A surface through which light passes has to be treated so that it reflects minimally. TCO layer attached to the cell can act as the electrical contact to collect charges. The reflection coefficient of front (RF) TCO contact was set to 0.05 (5% reflection, 95% absorption) with a view to reflect the experimental spectral response data of the cell with ATO layer while the reflection coefficient of back (RB) metallic contact was set to 0.95 in order to get the energetic photons reflected back from the back surface. Magnesium Fluoride $\left({{\rm{MgF}}}_{2}\right)$ has higher potential for acting as the ARC layer coated on the glass substrate compared to other ARC coating materials. Textured TCO surface can increase the absorption probability of incident light.

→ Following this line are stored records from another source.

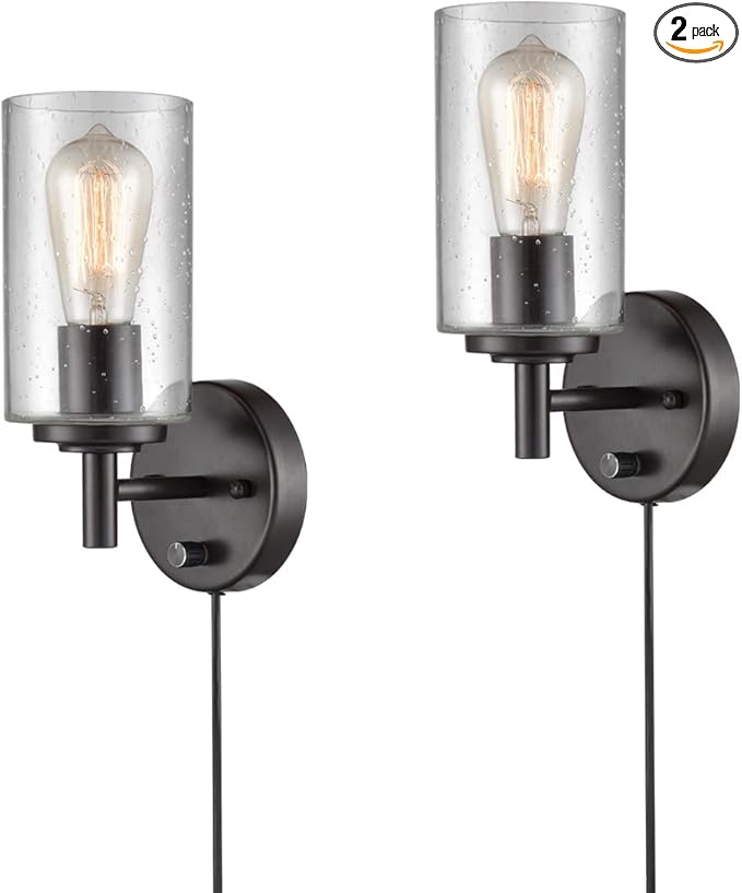 DANSEER Contemporary Oil Rubbed Bronze Bubble Glass Wall Sconces Set of Two Sconce Plug in with Switch
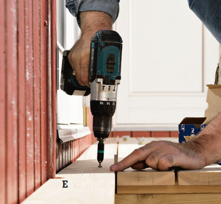 De genomgående terrassbrädorna (E och E1) skruvas fast med 4,5 x 50 mm rostfria skruvar i stödbrädorna. De blir faktiskt de enda synliga skruvarna i terrassen. I det inåtgående hörnet har brädorna geringssågats 45 grader.
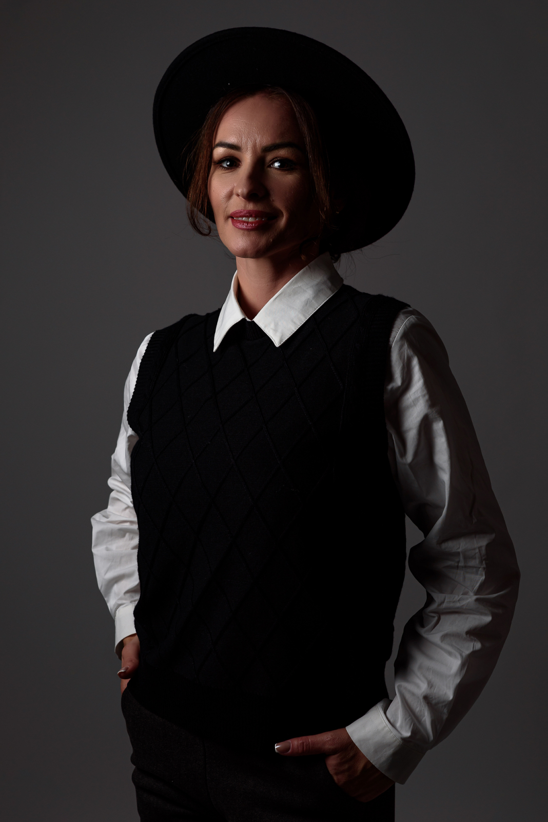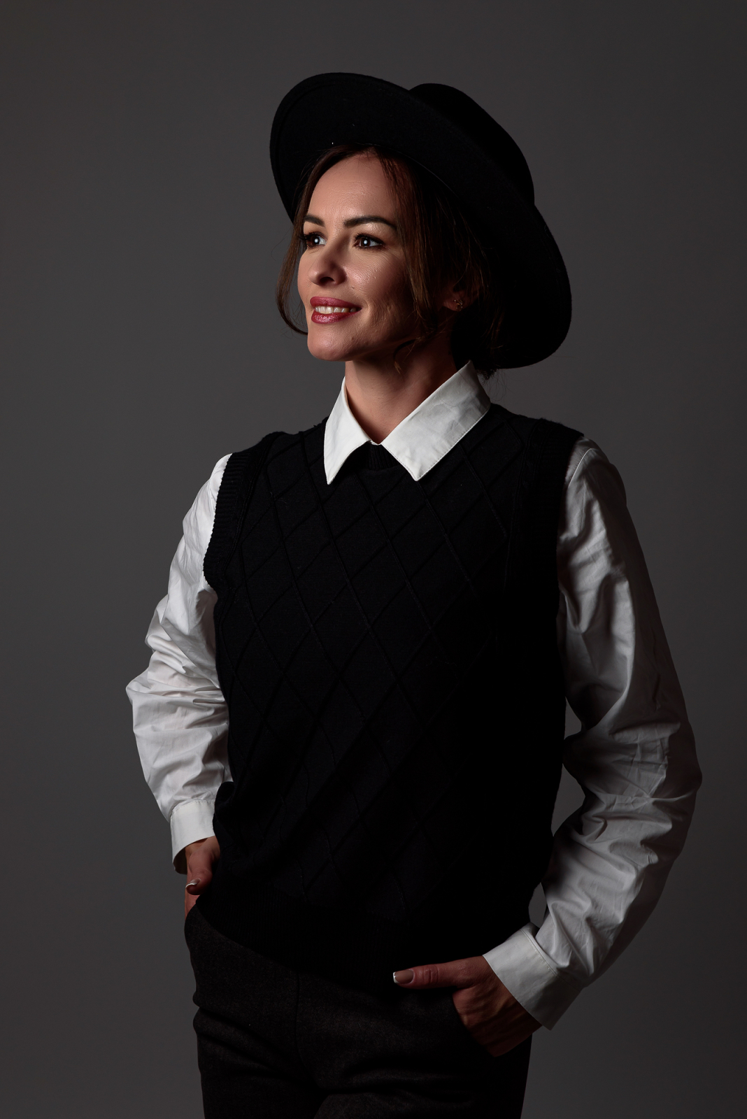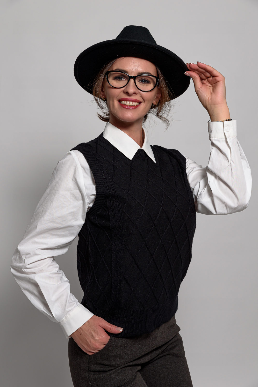 Cămașă din poplin cu vestă tricotată – o cămașă albă scurtă din poplin 100% bumbac, combinată cu o vestă tricotată neagră. Cămașa este confortabilă și versatilă, potrivită pentru mărimile 38-40.
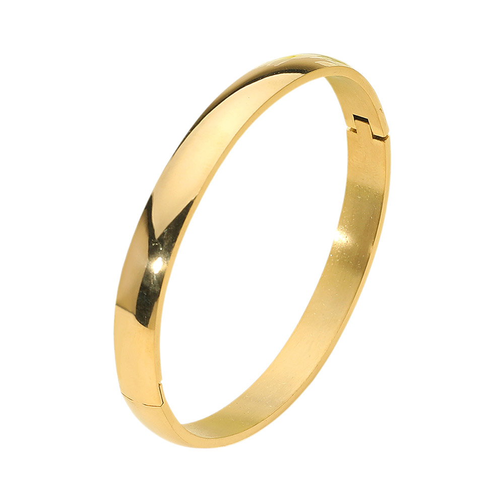 Details • Size : 0.3" H, 2.5" D • Hinged Closure • This stainless steel bangle showcases a minimalist, high-polish finish that exudes timeless sophistication. Its sleek, seamless design offers effortless versatility, perfect for elevating both casual and formal looks with understated elegance and lasting, refined modern appeal. • Stainless Steel

When the modelled device is considered under illumination in AMPS-1D as in our case, a list of parameters is requisite for AM 1.5 illumination spectrum. CdTe having optical band gap energy of 1.45 eV is almost ideal for PV energy conversion and because of its high optical absorption coefficient (α) of ∼${10}^{5}\,{{\rm{cm}}}^{-1},$ all incident photons with energy (hυ) above CdTe optical band gap energy $({E}_{opt})$ are absorbed within its thin layer of 1-3 μm. Values for absorption coefficients for both p and n layers at a range of wavelengths of visible light at AM 1.5 have been assigned for simulation from [22].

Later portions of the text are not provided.